How to create a custom dataset in PyTorch
· Category: AI & Machine Learning
Short answer
Custom datasets in PyTorch allow you to integrate proprietary data formats, apply on-the-fly preprocessing, and control batch collation logic.
Steps
- Subclass torch.utils.data.Dataset and implement len and getitem.
- Load file paths or metadata in init to avoid redundant disk access.
- Apply transformations inside getitem for data augmentation.
- Instantiate a DataLoader with batch_size, shuffle, num_workers, and collate_fn.
- Iterate over the DataLoader in your training loop.
Tips
- Use multiprocessing start method spawn on macOS and Windows to avoid CUDA issues.

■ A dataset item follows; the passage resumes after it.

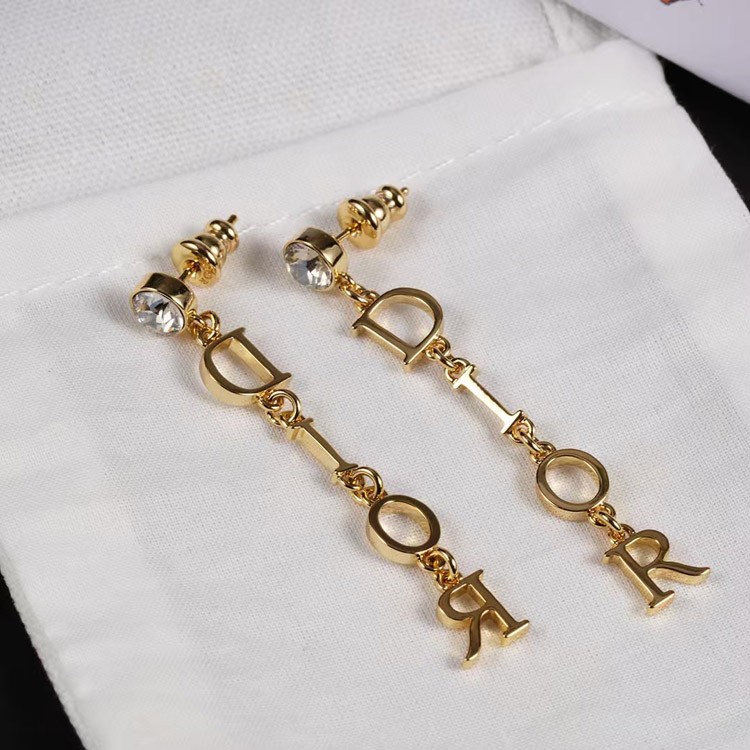 Dior einzelne Diamant hängende Logo Ohrringe-3708
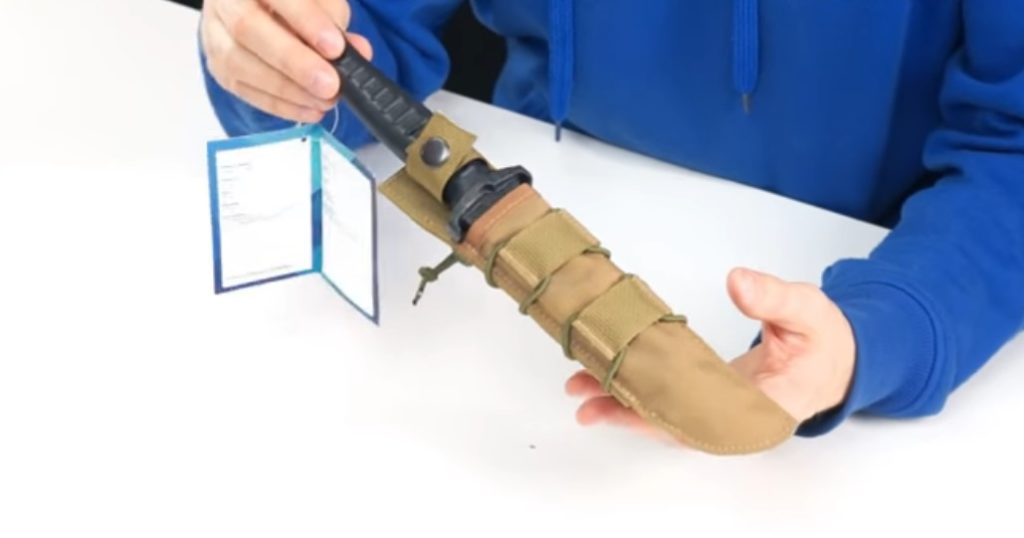 Der Hauptteil der Abdeckung muss aus einem einzigen Materialstück bestehen. Es ist wichtig, dass das Produkt den Schnittbereich gut abdeckt. Die beste Wahl wäre eine kleine Scheide, die zur Ausrüstung passt. Nur so kann eine sichere Lagerung gewährleistet werden.

- Implement a custom collate_fn for variable-length sequences like text or time series.
- Pin memory and use non-blocking transfers to improve GPU data loading.
- Cache small datasets in RAM to eliminate disk I/O bottlenecks.
Common issues
- Deadlocks in multiprocessing data loaders due to shared CUDA contexts.
- Slow training because num_workers is set too low or too high.
- Inconsistent tensor shapes when batching variable-size inputs without a collate function.
- Memory leaks from accumulating tensors inside the dataset.
Example
from sklearn.metrics import classification_report
y_pred = model.predict(X_test)
print(classification_report(y_test, y_pred))
This example generates a detailed classification report, illustrating how to evaluate model performance across multiple metrics in practice.